- 1 Required R packages
- 2 Algorithm
- 3 Data preparation and descriptive statistics
- 4 R functions for hierarchical clustering
- 5 Interpretation of the dendrogram
- 6 Cut the dendrogram into different groups
- 7 Hierarchical clustering and correlation based distance
- 8 What type of distance measures should we choose?
- 9 Comparing two dendrograms
- 10 Infos
There are two standard clustering strategies: partitioning methods (e.g., k-means and pam) and hierarchical clustering.
Hierarchical clustering is an alternative approach to k-means clustering for identifying groups in the dataset. It does not require to pre-specify the number of clusters to be generated. The result is a tree-based representation of the observations which is called a dendrogram. It uses pairwise distance matrix between observations as clustering criteria.
In this article we provide:
- The description of the different types of hierarchical clustering algorithms
- R lab sections with many examples for computing hierarchical clustering, visualizing and comparing dendrogram
- The interpretation of dendrogram
- R codes for cutting the dendrograms into groups
1 Required R packages
The required packages for this chapter are:
- cluster for computing PAM and CLARA
- factoextra which will be used to visualize clusters
- dendextend for comparing two dendrograms
- Install factoextra package as follow:
if(!require(devtools)) install.packages("devtools")
devtools::install_github("kassambara/factoextra")
- Install cluster and dendextend packages as follow:
install.packages("cluster")
install.packages("dendextend")
- Load the packages :
library(cluster)
library(dendextend)
library(factoextra)
2 Algorithm
Hierarchical clustering can be divided into two main types: agglomerative and divisive.

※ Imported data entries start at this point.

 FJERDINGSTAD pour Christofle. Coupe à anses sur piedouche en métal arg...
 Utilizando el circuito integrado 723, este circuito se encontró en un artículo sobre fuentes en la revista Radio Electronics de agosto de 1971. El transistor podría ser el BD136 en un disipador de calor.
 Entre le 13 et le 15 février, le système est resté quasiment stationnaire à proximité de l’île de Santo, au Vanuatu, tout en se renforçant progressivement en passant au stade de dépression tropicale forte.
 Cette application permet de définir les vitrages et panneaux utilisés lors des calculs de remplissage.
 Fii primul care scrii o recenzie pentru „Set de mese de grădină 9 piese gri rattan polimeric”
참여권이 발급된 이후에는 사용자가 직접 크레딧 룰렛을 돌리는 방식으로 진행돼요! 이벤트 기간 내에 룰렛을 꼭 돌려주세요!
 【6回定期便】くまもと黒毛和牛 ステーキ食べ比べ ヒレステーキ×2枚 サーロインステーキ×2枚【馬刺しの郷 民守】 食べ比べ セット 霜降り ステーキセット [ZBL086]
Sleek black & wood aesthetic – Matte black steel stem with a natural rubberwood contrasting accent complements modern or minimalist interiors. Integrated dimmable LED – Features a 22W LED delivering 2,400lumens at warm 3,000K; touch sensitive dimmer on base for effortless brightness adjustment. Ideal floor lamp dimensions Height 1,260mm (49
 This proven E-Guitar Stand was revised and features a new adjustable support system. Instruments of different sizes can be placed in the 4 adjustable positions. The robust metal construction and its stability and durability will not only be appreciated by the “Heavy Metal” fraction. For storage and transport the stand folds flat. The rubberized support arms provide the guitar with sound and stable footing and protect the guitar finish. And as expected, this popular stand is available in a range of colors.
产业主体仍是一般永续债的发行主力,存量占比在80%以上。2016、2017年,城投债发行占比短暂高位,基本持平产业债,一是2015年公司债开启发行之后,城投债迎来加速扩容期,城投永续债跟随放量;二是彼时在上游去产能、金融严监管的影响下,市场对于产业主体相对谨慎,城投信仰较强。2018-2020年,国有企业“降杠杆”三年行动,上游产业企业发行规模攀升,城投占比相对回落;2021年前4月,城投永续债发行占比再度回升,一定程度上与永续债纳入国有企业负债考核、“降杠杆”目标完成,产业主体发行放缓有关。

Agglomerative clustering: Its also known as AGNES (Agglomerative Nesting). It works in a bottom-up manner. That is, each object is initially considered as a single-element cluster (leaf). At each step of the algorithm, the two clusters that are the most similar are combined into a new bigger cluster (nodes). This procedure is iterated until all points are member of just one single big cluster (root) (see figure below). The result is a tree which can be plotted as a dendrogram.
Divisive hierarchical clustering: Its also known as DIANA (Divise Analysis) and it works in a top-down manner. The algorithm is an inverse order of AGNES. It begins with the root, in which all objects are included in a single cluster. At each step of iteration, the most heterogeneous cluster is divided into two. The process is iterated until all objects are in their own cluster (see figure below).

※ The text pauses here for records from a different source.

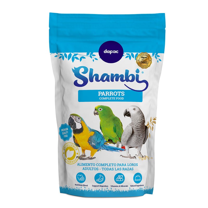 Shambi EXTRA Parrot Mix 2.5kg. New composition: corn, flaked corn, raw black sunflower seed, white sunflower seed, pumpkin seed, flaked wheat, flaked oats, peas, safflower, jumbo shell, raisins, coconut, banana, pineapple, papaya, chili pepper, nuts, and extruded food. NEW DOYPACK FORMAT: Flexible with a bottom fold to keep contents upright. Zip closure, highly resistant. 2.5kg.
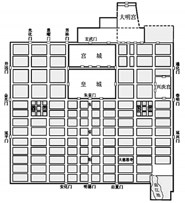古罗马城平面图 河南偃师二里头遗址3号基址(2002年5月23日摄)新华社发 唐长安城平面示意图 我们今天讲演的题目,与上古城市有关。上古城市涉及城市发展最古老的阶段,我们所思考的是,在文明初兴时期,城市这类聚落的空间景观特质。可以说,这是文明起源研究的一个侧面。 这里需要说明一点,我们这个考察,与文献考古的基础事实考证不太一样,我们所关注的,是在历史事实基础上所提出的问题,而这些问题,需要从历史地理学的角度来统摄,或者说,是从历史地理学角度进行学术叙事。我们对上古城市的研究,可以通过历史地理学的问题意识而获得新的认知。 唐晓峰 城市的起源:从聚落到城市 要讨论上古城市的起源,就要涉及城市的本质,或者说要辨析一下,上古城市与一般原始聚落的本质区别何在。 学界曾提出过关于早期城市的不同定义,其出发角度包括诸如城市的规模(2000人以上)、形态(是否有城墙)、商业性等。学者们从不同角度出发对城市的多种定义,指示出城市的不同功能和面向,比如“都邑”的表述强调政治性,“城市”的表述则更强调经济性。又比如古埃及的城市符号就是以圆圈代表防御、十字代表市场。 我个人认为,上古城市的变迁过程比较复杂,因此用单纯教条式地简单定义它,是不适合的。 澳大利亚裔的英国学者柴尔德曾经提出过城市革命(Urban Revolution)的概念。柴尔德从考古学材料演绎出了早期城市的十个标准,具体是:大型的居住区、人口构成和功能与任何村庄存在区别、剩余财富的集中化、巨大的公共建筑、从事非体力劳动的统治阶级、文字、历法与数学、专职从事艺术创作的艺术家、对外贸易、以居住区而非血缘关系为基础的政治组织。柴尔德提出,上述诸项的目标合力就是走向文明,那么问题的关键就在于,上述各项内容如何统合为一个整体机制。这就需要识别出引领性要素。 针对这个问题,我们提出,研究城市起源,在考察经济线索之外,还要关注“权力”或称“威权”在这个过程中的引领性作用。今天的学者,通过对考古学聚落建筑遗迹的观察,从历史地理学的角度来考察其中的某些权力表达。 那么,当权力成为主导要素时,它会对上古城市的发展有哪些影响呢?我们在陕西西安半坡新石器时代聚落遗址的模型中能够看到,它是一个由居中的方形大房屋以及环绕它的若干小型圆形房屋组成的聚落单元。我们判断,那个居中的方形房屋,它的形状与规模是古人刻意所为,象征着上古时代最初的权力,可以认为这是一个权力景观显现的基本聚落单元。在陕西临潼姜寨遗址,则四五个半坡式单元复合成了大型聚落,除了每个单元中照例有一个方形房屋存在之外,聚落中还凸显出一个更大的方形房屋,它应代表着更高的权力。从半坡遗址的一个单元,发展到姜寨遗址的若干单元,这反映出原始聚落的社会层级增长。同时,这个变化也体现出了权力层级的增长。 那么,这种聚落形态的下一步发展,会是什么样的?我们推断,它的下一步应该是聚落群体的出现。而在这样的聚落群中,会有一个中心聚落,代表着这个群体的最高权力。内蒙古凉城岱海地区的石城遗址群,很可能就是这个发展阶段的聚落群。类似的还有浙江的良渚遗址、湖北的石家河遗址、湖南的城头山遗址、陕西的石峁遗址、山西的陶寺遗址等。我们设想,在权力的作用下,古代的中心聚落中很可能汇集着更多的财富与各色人员(诸如巫师、武士、工匠等),为了保护这些财富和人员,这个中心聚落的建筑也会格外坚固、高大,其保卫设施也会格外严密。总之,这类中心聚落与一般聚落的差距越来越大,并从此成为城市的雏形。这就是在空间景观形态上,我们所看到的城市起源。 这里需要说明一点,我们考察的主要是上古时代的“人王”的权威,而在那个时代,神权也是不可忽略的威权之一。关于神权与城市起源的关系,美国历史地理学家惠特利曾在其《四方之极》一书中给予了足够的重视。不过,在中国古代历史的发展趋势中,城市与人王权力的关系更密切一些,在地理上,神权崇拜的位置大多在聚落空间之外。 虽然我们通过考古遗迹推断权力在聚落中存在,但还不能用它直接证明城市出现,更不能直接对应到具有国家性质的上古都城。为了识别古代文明国家城市的出现,我们还需要分辨上古国家权力与原始部落权力的差异。德国学者赫尔佐克在《古代的国家——起源和统治形式》一书中曾经强调说,要识别国家权力的“任务”的复杂性。在这里我们还需进一步指出,除了识别“任务”的复杂性而外,我们还需要关注这些任务的可持续性。赫尔佐克通过研究殷墟遗址,将古代商王的任务概括为军事、祭祀、法律、生存关怀,这样高度分化的任务种类,足以表明商王是一个文明集团的王者。商王的威权内涵不仅丰富多样,并且稳定、持久,具有日常化的特点,这才是“国家”形成的特质。由此推论,黄河流域的上古社会群体,在权力任务的多样性和持久性方面,显然超过当时其他地区的同类社会群体,所以,黄河流域是中国古代国家文明形成的核心区域。当然,古代国家文明要体现可持续性,就必须考虑适宜的自然环境条件,社会发展演进要付出环境代价,而古人如果在某些不适合人类生存居住的环境中长期活动,就需要耗费巨大的人力物力来维持,这些非生产性的耗费,在古代是很难持久的。
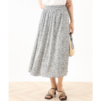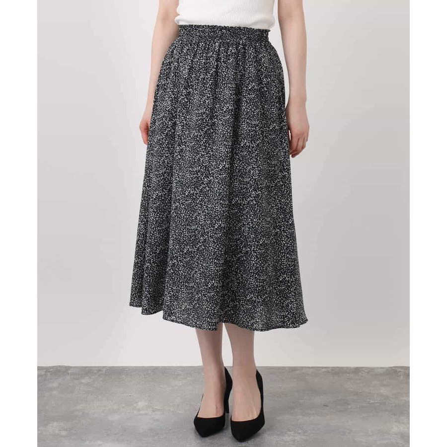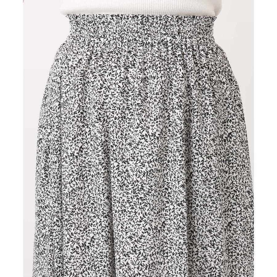 細かなリーフ柄が大人っぽいフレアースカート。たっぷりとギャザーを寄せたフレアーシルエットで、女性らしい上品な雰囲気に。ウエストは総ゴム仕様でストレスフリーな履き心地も嬉しい。

Note that agglomerative clustering is good at identifying small clusters. Divisive hierarchical clustering is good at identifying large clusters.
The merging or the division of clusters is performed according some (dis)similarity measure. In R softwrare, the Euclidean distance is used by default to measure the dissimilarity between each pair of observations.
As we already know, its easy to compute dissimilarity measure between two pairs of observations. Its mentioned above that two clusters that are most similar are fused into a new big cluster.
A natural question is :
How to measure the dissimilarity between two clusters of observations?
A number of different cluster agglomeration methods (i.e, linkage methods) has been developed to answer to this question. The most common types methods are:
Maximum or complete linkage clustering: It computes all pairwise dissimilarities between the elements in cluster 1 and the elements in cluster 2, and considers the largest value (i.e., maximum value) of these dissimilarities as the distance between the two clusters. It tends to produce more compact clusters.
Minimum or single linkage clustering: It computes all pairwise dissimilarities between the elements in cluster 1 and the elements in cluster 2, and considers the smallest of these dissimilarities as a linkage criterion. It tends to produce long, loose clusters.
Mean or average linkage clustering: It computes all pairwise dissimilarities between the elements in cluster 1 and the elements in cluster 2, and considers the average of these dissimilarities as the distance between the two clusters.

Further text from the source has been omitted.